Жизнь партии: гедонизм в «Императоре мороженого» Уоллеса Стивенса сочинение пример

ООО "Сочинения-Про"

Ежедневно 8:00–20:00

Санкт-Петербург

Ленинский проспект, 140Ж

magbo system

Сочинение на тему Жизнь партии: гедонизм в «Императоре мороженого» Уоллеса Стивенса

Событие, ознаменовавшееся сексом и праздником, в «Императоре мороженого» Уоллеса Стивенса является неизбежно причудливым. Хотя можно ожидать, что для обсуждения вопроса о смерти характер трезвости, важности или – по крайней мере – отражения, язык и содержание стихотворения вместо этого наполняются почти бессмысленным видом пышности. Неназванный оратор выступает в качестве организатора церемоний, поощряя скорбящих участвовать в поведении, более подходящем для вечеринки, чем на похоронах, и в то же время насмехается над безжизненным трупом для того же сексуального веселья. Еще одно затемнение стихотворения – странный рефрен: «Единственный император – император мороженого». Хотя многие части стиха Уоллеса, кажется, больше связаны с затуманивающим смыслом, чем с его созданием, под каждой строкой скрывается смысл. Используя контрастные сексуальные образы для создания насмешек над обычными скорбящими методами, Стивенс описывает похороны, которые охватывают жизнь, а не оплакивают смерть, и впоследствии выявляет лицемерие, которое проистекает из одержимости человечеством смертности.
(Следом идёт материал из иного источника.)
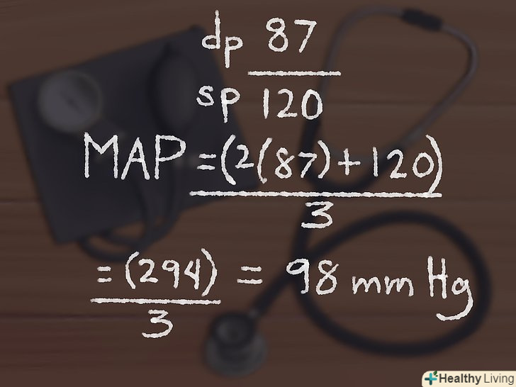 Виміряйте свій артеріальний тиск.для того щоб розрахувати середній артеріальний тиск, необхідно знати систолічний і діастолічний тиск. Якщо ви ще не знаєте, який тиск у вас є, виміряйте його. Існує безліч різноманітних (і часом химерних) способів визначити кров'яний тиск, але все, що вам знадобиться для отримання більш-менш достовірного результату вимірювання — це тонометр і фонендоскоп. Як нагадування: систолічний тиск-це значення на манометрі, при якому ви чуєте через фонендоскоп перший удар, а діастолічний — це значення, при якому ви перестаєте вловлювати серцебиття.[2]- Якщо ви не знаєте, як виміряти артеріальний тиск, то нижче ви знайдете покрокову інструкцію (абозверніться до нашої статті на дану тему).

Первая строфа стихотворения описывает странно обильную траурную сцену, которая больше напоминает похотливое празднование, чем след. Сразу же выступающий предъявляет два требования, которые указывают на странно-праздничный характер собрания; он требует, чтобы кто-то «вызвал ролик больших сигар» и «предложил ему взбить / в кухонных чашках творожные творожные массы». В западном мире сигары обычно считаются символами праздника – гуляки зажигают их при рождении ребенка или после выгодного делового соглашения; они не часто связаны со смертью и трауром. Приготовление «творожных творожков» также противоречит смыслу мероприятия. Так как «похотливый» означает то, что страстно или сексуально желательно, заварные кремы наполнены вожделением, по существу афродизиакальным; По-видимому, погоня за сексуальным наслаждением не будет отсрочена, пока мертвое тело готовится к погребению. Вялость и цвет «мускулистых» кремовых блюд также могут быть тонким намеком на определенные интимные жидкости – сексуальное зрение, подкрепленное мягкими фаллическими образами «больших сигар». Усиливая чувство радостного веселья, звучание «i» звучит в «бить его кнутом» и аллитерация «c» в «кухонных чашках похотливых творожков», придающих поэме приятную, ритмичную сладость.

Заповеди для мальчиков и девочек в первой строфе также отвлекают от ожидаемой трезвости похорон, поощряя живые сексуальные взаимодействия. Говорящий говорит: «Пусть девки развлекаются в таком платье / Как они привыкли носить». Говоря женщинам, чтобы они сохраняли свои обычные одежды вместо того, чтобы надевать соответственно серьезную, черную одежду, обычно требуемую для такого события, оратор пренебрегает стандартом похоронного почтения. Тем не менее, странная формулировка «платье / как они используются для ношения» и акцент, который делается на этой строке единственное использование в стихотворении жесткого ямбического пентаметра, указывает на более активное пускание следа. Фраза Стивенса «используется для ношения» грамматически неверна – это должно гласить: «используется для ношения». И его выбор в дикции («привыкли» к другим словам и фразам, таким как «часто», «обычно» или «неуместен») в равной степени любопытен. («Wont», потому что он поддерживает текущий измеритель и синтаксис, создавая приятную аллитерацию с «wear», было бы чудесно подходящим словом.) Второстепенное значение другого специфического выбора слова «wenches» (означающего непристойных женщин или проституток) , может объяснить описание женской одежды Уолласа. Когда речь идет о блудницах или распущенных женщинах, а не о служанках или слугах, «одежда / как они привыкли носить» отыгрывает общепризнанно уничижительное представление о женщинах. Строка становится командой, согласно которой женщины носят только свою обычную одежду – одежду, в которой они обычно «используются», – но также ведут себя обычным, «сексуальным» образом.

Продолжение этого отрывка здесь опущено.